» The problem: Print exactly the lines that run from the one containing "полученных через СМДП" to the final line of the data, both included, and print none of the pictures.
*** Supplied information ***
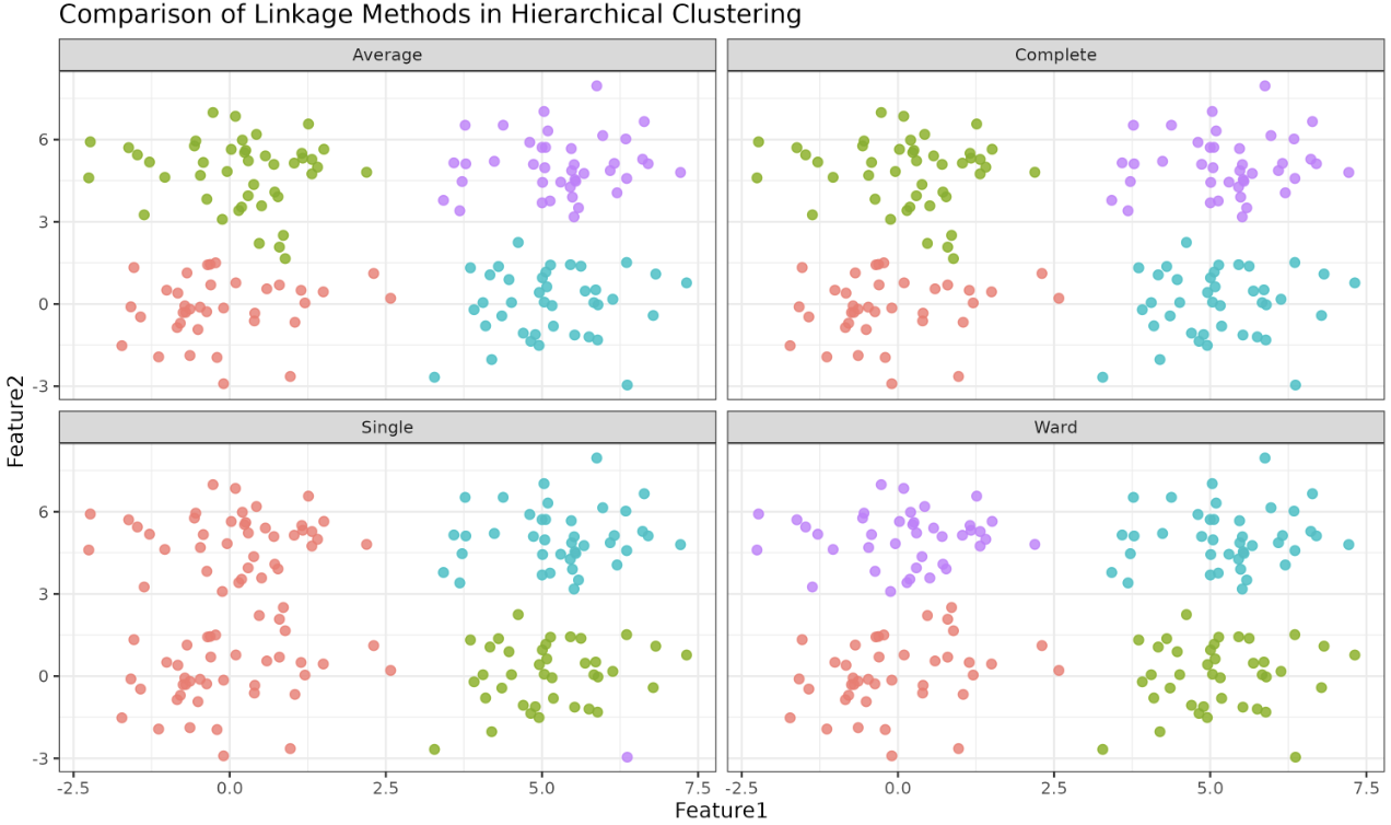 By comparing these panels side by side, you can clearly see how the choice of linkage method affects the shape, size, and separation of the resulting clusters. This visual comparison is a powerful tool for understanding which linkage method might be most appropriate for your data and analysis goals.
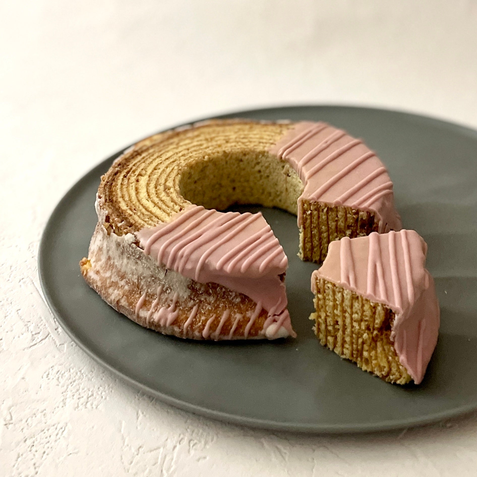 商品特徴:しっかりと焼き上げたバニラ香るハードタイプのバウムクーヘンとルビーショコラを合わせました。
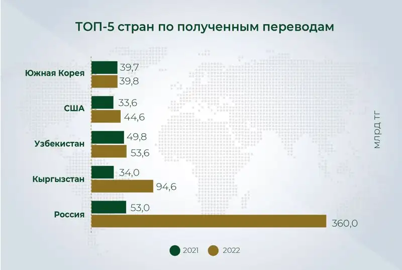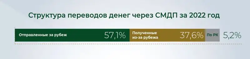 "Рост полученных через СМДП переводов денег в 2022 году был связан с ростом объемов переводов денег из России (рост в 6,8 раза), Кыргызстана (рост в 2,8 раза) и США (рост на 33%)".Пресс-служба НБК
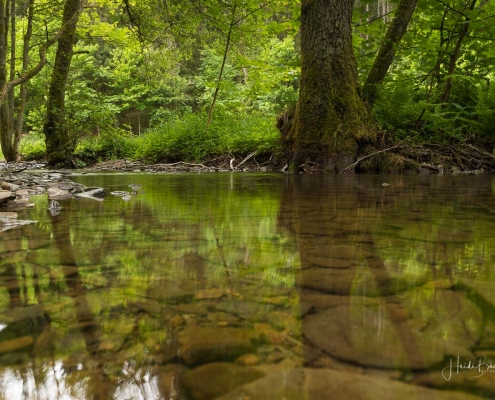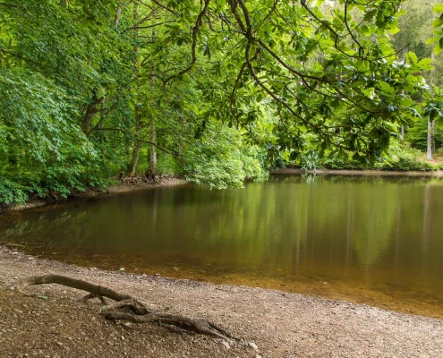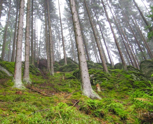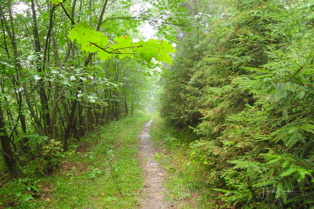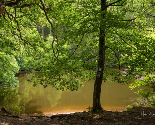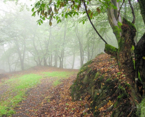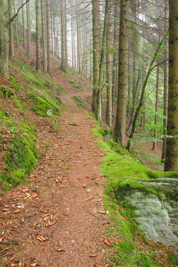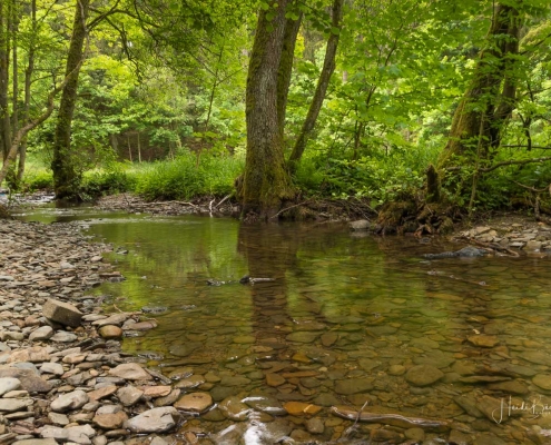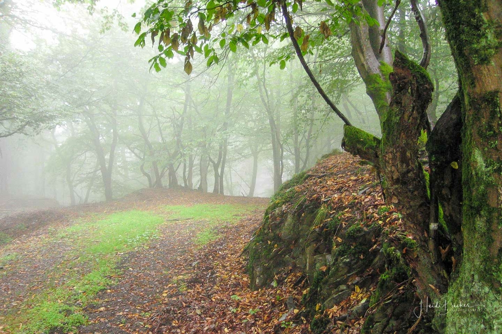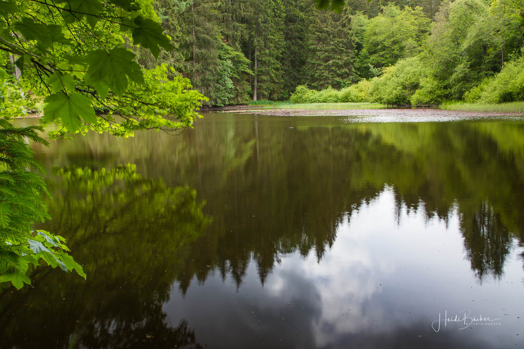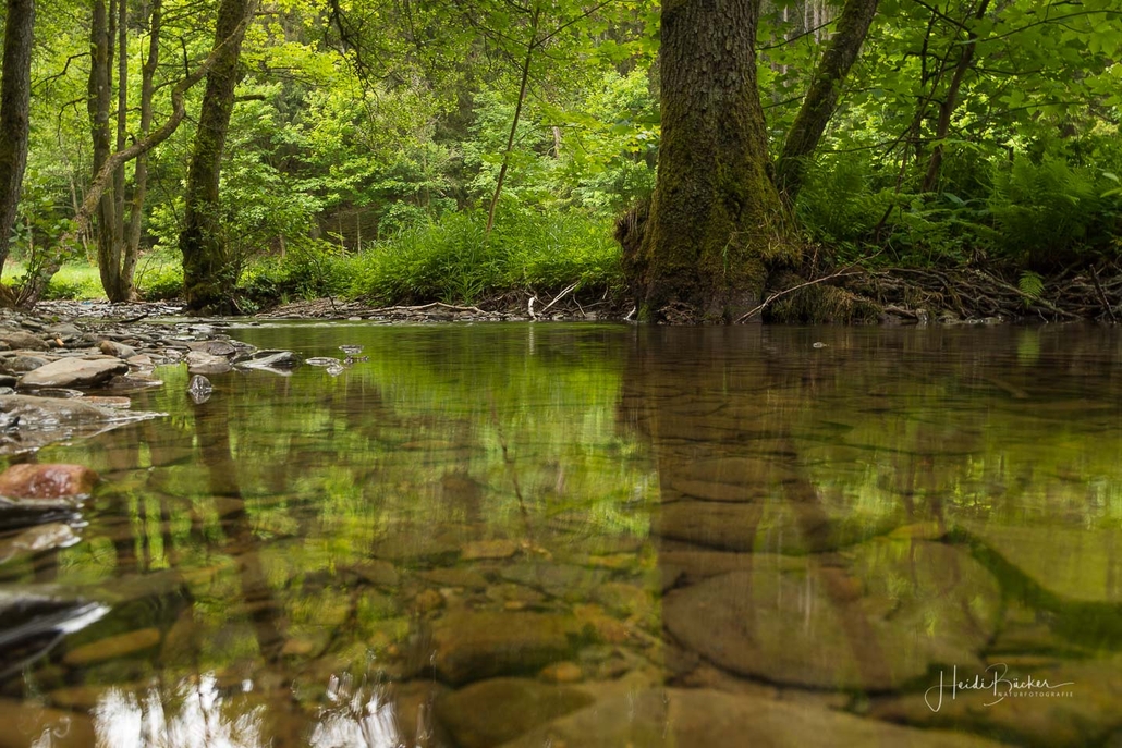 Über schmale Pfade und Waldwege geht es zum idyllisch gelegenen Weidelbacher Weiher. Ein Teich, mitten im Wald, umgeben von einer herrlichen Ruhe. Hier gibt es Bänke und eine Schutzhütte, um eine Rast einzulegen. Ab dem Weiher geht es durch hohen Fichten- und Buchenwald hinunter ins Tal der Ilse. Über eine schmale Holzbrücke geht es auf die andere Seite, wo ein uriger Pfad entlang des kleinen Baches führt. Später geht es über einen Wiesen- und Waldweg, vorbei an gewaltigen Felsformationen im Wald und schroffen Felswänden am Wegesrand in Richtung Feudingen.
*** End of Supplied information ***
» Expected answer:
 "Рост полученных через СМДП переводов денег в 2022 году был связан с ростом объемов переводов денег из России (рост в 6,8 раза), Кыргызстана (рост в 2,8 раза) и США (рост на 33%)".Пресс-служба НБК
 Über schmale Pfade und Waldwege geht es zum idyllisch gelegenen Weidelbacher Weiher. Ein Teich, mitten im Wald, umgeben von einer herrlichen Ruhe. Hier gibt es Bänke und eine Schutzhütte, um eine Rast einzulegen. Ab dem Weiher geht es durch hohen Fichten- und Buchenwald hinunter ins Tal der Ilse. Über eine schmale Holzbrücke geht es auf die andere Seite, wo ein uriger Pfad entlang des kleinen Baches führt. Später geht es über einen Wiesen- und Waldweg, vorbei an gewaltigen Felsformationen im Wald und schroffen Felswänden am Wegesrand in Richtung Feudingen.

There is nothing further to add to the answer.